═══ Supplied information ═══
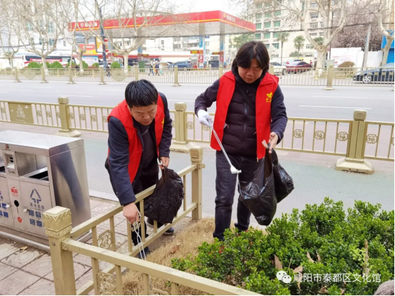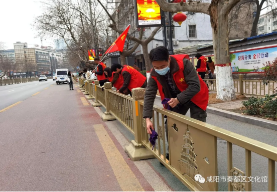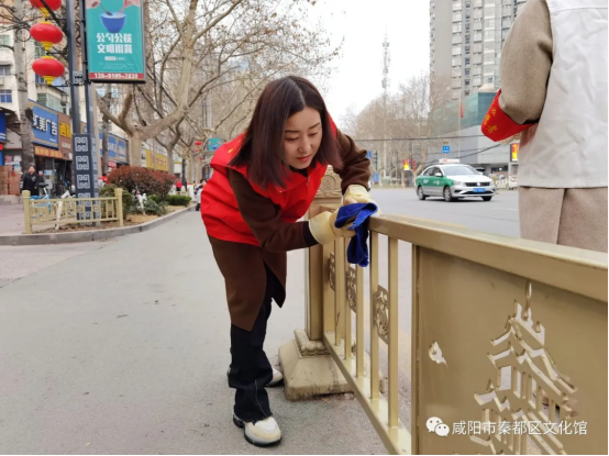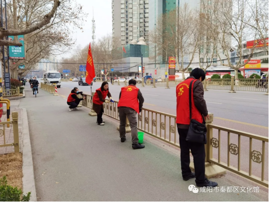 为贯彻习近平总书记关于深化志愿服务活动系列讲话精神,继续书写“德善咸阳”建设新的文明荣光,为建设全国文明城市提供强大精神动力。3月5日上午,我馆文化志愿者走进七里铺社区,和社区的志愿者一起,在辖区开展以“共建文明城市 共享城市文明”为主题的学雷锋志愿服务活动,志愿者们沿人民西路向东擦拭防护栏、捡拾绿化带、沿街垃圾一公里。
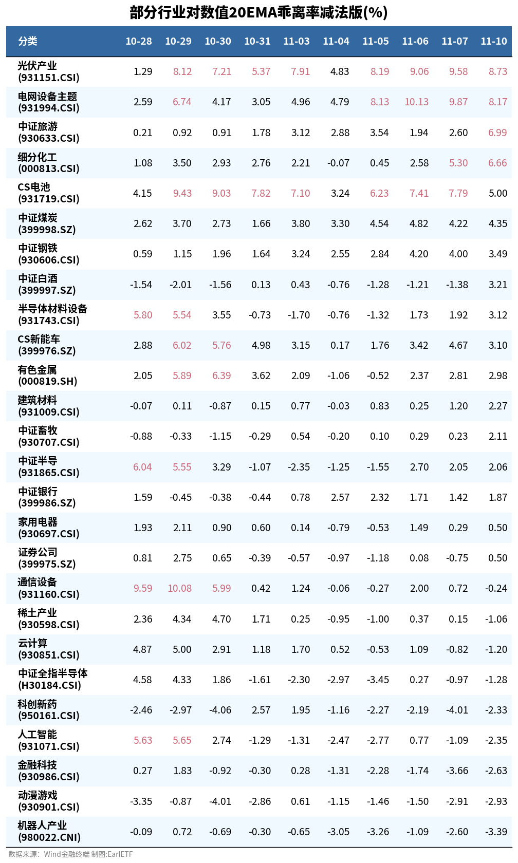 经过周一的上涨,从广发刘晨明提出判断主线风险的乖离率的来看,旅游和化工倒是站在了5%以上的甜点区。白酒起步过猛,均线形态还没跟上,只有3.21%。
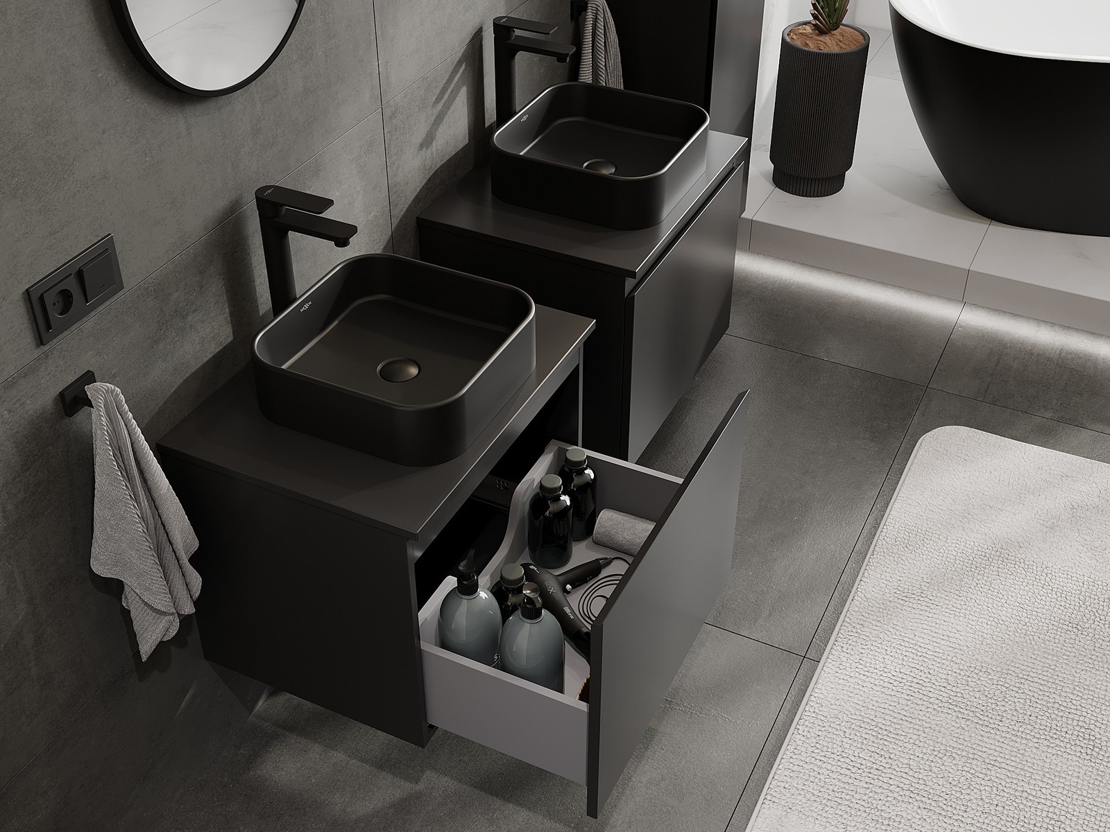Výřez v zásuvce je navržen tak, aby pojmul sifon, který je nezbytný v instalacích umyvadlových. Díky tomu může být nábytek plně funkčně namontován, aniž by bylo nutné vzdát se prostoru v zásuvce ve prospěch instalace.
═══
- **Instructions for the task**
Every line of the listing should be repeated exactly; no picture should appear.

- **Reply to the task**
 为贯彻习近平总书记关于深化志愿服务活动系列讲话精神,继续书写“德善咸阳”建设新的文明荣光,为建设全国文明城市提供强大精神动力。3月5日上午,我馆文化志愿者走进七里铺社区,和社区的志愿者一起,在辖区开展以“共建文明城市 共享城市文明”为主题的学雷锋志愿服务活动,志愿者们沿人民西路向东擦拭防护栏、捡拾绿化带、沿街垃圾一公里。
 经过周一的上涨,从广发刘晨明提出判断主线风险的乖离率的来看,旅游和化工倒是站在了5%以上的甜点区。白酒起步过猛,均线形态还没跟上,只有3.21%。
Výřez v zásuvce je navržen tak, aby pojmul sifon, který je nezbytný v instalacích umyvadlových. Díky tomu může být nábytek plně funkčně namontován, aniž by bylo nutné vzdát se prostoru v zásuvce ve prospěch instalace.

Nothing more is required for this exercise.